**Instructions to follow**
Copy every record exactly.

**Given records**
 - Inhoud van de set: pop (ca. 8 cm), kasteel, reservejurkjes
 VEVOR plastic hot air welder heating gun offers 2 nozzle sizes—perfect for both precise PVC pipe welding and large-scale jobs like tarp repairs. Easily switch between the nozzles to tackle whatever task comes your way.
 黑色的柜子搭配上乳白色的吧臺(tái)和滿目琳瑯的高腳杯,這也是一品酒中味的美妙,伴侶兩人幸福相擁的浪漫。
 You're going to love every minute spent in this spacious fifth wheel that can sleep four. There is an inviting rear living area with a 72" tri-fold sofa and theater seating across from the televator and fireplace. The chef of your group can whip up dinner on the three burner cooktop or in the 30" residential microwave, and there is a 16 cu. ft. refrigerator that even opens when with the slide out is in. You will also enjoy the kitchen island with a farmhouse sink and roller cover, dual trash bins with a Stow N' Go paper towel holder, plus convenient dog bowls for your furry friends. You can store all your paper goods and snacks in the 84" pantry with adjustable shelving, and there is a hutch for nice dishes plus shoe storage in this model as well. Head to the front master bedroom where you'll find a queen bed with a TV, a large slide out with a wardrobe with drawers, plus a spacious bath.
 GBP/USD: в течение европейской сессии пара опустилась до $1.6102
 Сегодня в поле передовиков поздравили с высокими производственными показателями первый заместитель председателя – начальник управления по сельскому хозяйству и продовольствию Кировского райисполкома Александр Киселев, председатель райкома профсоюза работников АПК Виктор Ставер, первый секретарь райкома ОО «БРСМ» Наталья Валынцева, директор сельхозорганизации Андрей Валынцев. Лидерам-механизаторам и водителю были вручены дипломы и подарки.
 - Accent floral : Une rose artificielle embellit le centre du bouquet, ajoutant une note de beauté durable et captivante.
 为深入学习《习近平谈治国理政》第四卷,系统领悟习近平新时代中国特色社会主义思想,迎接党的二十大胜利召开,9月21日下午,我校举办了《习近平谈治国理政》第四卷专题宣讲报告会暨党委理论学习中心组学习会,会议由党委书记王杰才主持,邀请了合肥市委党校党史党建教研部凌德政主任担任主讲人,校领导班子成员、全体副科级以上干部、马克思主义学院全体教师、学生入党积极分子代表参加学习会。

**Solution**
 - Inhoud van de set: pop (ca. 8 cm), kasteel, reservejurkjes
 VEVOR plastic hot air welder heating gun offers 2 nozzle sizes—perfect for both precise PVC pipe welding and large-scale jobs like tarp repairs. Easily switch between the nozzles to tackle whatever task comes your way.
 黑色的柜子搭配上乳白色的吧臺(tái)和滿目琳瑯的高腳杯,這也是一品酒中味的美妙,伴侶兩人幸福相擁的浪漫。
 You're going to love every minute spent in this spacious fifth wheel that can sleep four. There is an inviting rear living area with a 72" tri-fold sofa and theater seating across from the televator and fireplace. The chef of your group can whip up dinner on the three burner cooktop or in the 30" residential microwave, and there is a 16 cu. ft. refrigerator that even opens when with the slide out is in. You will also enjoy the kitchen island with a farmhouse sink and roller cover, dual trash bins with a Stow N' Go paper towel holder, plus convenient dog bowls for your furry friends. You can store all your paper goods and snacks in the 84" pantry with adjustable shelving, and there is a hutch for nice dishes plus shoe storage in this model as well. Head to the front master bedroom where you'll find a queen bed with a TV, a large slide out with a wardrobe with drawers, plus a spacious bath.
 GBP/USD: в течение европейской сессии пара опустилась до $1.6102
 Сегодня в поле передовиков поздравили с высокими производственными показателями первый заместитель председателя – начальник управления по сельскому хозяйству и продовольствию Кировского райисполкома Александр Киселев, председатель райкома профсоюза работников АПК Виктор Ставер, первый секретарь райкома ОО «БРСМ» Наталья Валынцева, директор сельхозорганизации Андрей Валынцев. Лидерам-механизаторам и водителю были вручены дипломы и подарки.
 - Accent floral : Une rose artificielle embellit le centre du bouquet, ajoutant une note de beauté durable et captivante.
 为深入学习《习近平谈治国理政》第四卷,系统领悟习近平新时代中国特色社会主义思想,迎接党的二十大胜利召开,9月21日下午,我校举办了《习近平谈治国理政》第四卷专题宣讲报告会暨党委理论学习中心组学习会,会议由党委书记王杰才主持,邀请了合肥市委党校党史党建教研部凌德政主任担任主讲人,校领导班子成员、全体副科级以上干部、马克思主义学院全体教师、学生入党积极分子代表参加学习会。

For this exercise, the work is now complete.